We will not include Depreciation on Office Building as it did not occur indirectly for the production unit.

Step 2: Ascertain which allocation base to use

The overhead percentage rate is calculated by totaling all indirect costs and dividing them by a designated measurement such as total sales, labor costs, machine hours, or even direct labor hours can be used if you have a very labor-intensive job site in contrast to a more automated environment.

Here is a numerical example for your better understanding.

Example 2: Company A’s overhead cost per product is $50, and an employee works two hours to manufacture one such unit. Calculate the allocated manufacturing overhead.

Solution: We will use the Allocated manufacturing overhead formula to find the solution. 

Allocated manufacturing overhead = Total overhead costs / Total hours worked or total hours the machine was used

Here total overhead cost per product is $50, and the Total labor hours worked by an employee is two hours to manufacture one such unit. So, the allocated manufacturing overhead would be: 50/2 = $25

Company A will allocate a manufacturing overhead of $25.

Step 3: Find your base totals

If you want to use direct labor hours for your business’s base calculation, you must calculate the total labor hours worked for the month. The same treatment also applies to machine hours.

See the example question below to find out how we can find base totals.
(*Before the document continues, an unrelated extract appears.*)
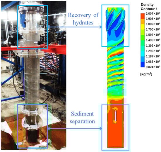 As shown in Figure 6, the experimental phenomenon of the overall separation process of the spiral-cyclone separator is compared with the simulation results. From the experimental phenomenon of the spiral-cyclone separator, we can find the difference in the transparency of the liquid in the hydrate recovery area and the sediment separation area, which is caused by the difference in the volume fraction of the sediment phase. The experimental phenomenon can prove that the separator has the same separation effect as the numerical simulation from a macroscopic point of view, while the quantitative analysis of the separation efficiency of the separator needs to be determined by sampling the outlet and inlet fluids.

Example 3: Jim works for a servicing company for $15 per hour on vending machines, massage chairs, and claw machines in a mall. He keeps a timesheet to record the appliances he has worked on throughout the week. At the end of the week, his total of the three devices look like this:

  • Vending machines: 13 hours
  • Claw machines: 16 hours
  • Massage chairs: 8 hours

Find out Jim’s weekly direct labor cost and which machines require higher direct labor costs.

Solution: We can do this by the formula:

Direct labor cost for each machine type = number of hours * pay rate

Using the timesheet and the formula, we get the direct labor cost per machine.
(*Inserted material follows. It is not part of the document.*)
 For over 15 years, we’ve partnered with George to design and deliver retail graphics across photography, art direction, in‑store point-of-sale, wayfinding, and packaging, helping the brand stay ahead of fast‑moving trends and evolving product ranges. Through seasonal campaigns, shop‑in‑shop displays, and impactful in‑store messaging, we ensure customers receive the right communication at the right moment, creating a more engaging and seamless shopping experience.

  • Vending machines: 13 x $15 = $195
  • Claw machines: 16 x $15 = $240
  • Massage chairs: 8 x $15 = $120

The cost to maintain the claw machines is higher, but if these bring in the most profit, it is worth the expense. Direct labor costs can influence business decisions.

The direct labor cost method can help the business calculate employees’ time spent and determine specific areas to address in decision-making for future growth, purchase, and more.

Step 4: Calculate the overhead rate percentage

Once all indirect expenses are calculated, calculate your overhead rate percentage. Cost allocation is essential for establishing realistic figures for calculating the cost of each unit manufactured.

Example 4: Company B’s total monthly sales were $850,000, and its monthly overhead costs were $400,000. Calculate the overhead rate percentage.

Solution: We will apply the formula

Manufacturing Overhead Costs / Number of Sales x 100 = Percentage.

$400,000 / $850,000 = $0.47

So, for every dollar Company B currently earns in sales, it is spending $0.47 in expenses.

Wrapping Up

Emerging businesses need answers to many questions, from simple ways to calculate overhead costs to sustain themselves in the industry to find ways for value additions for their customers.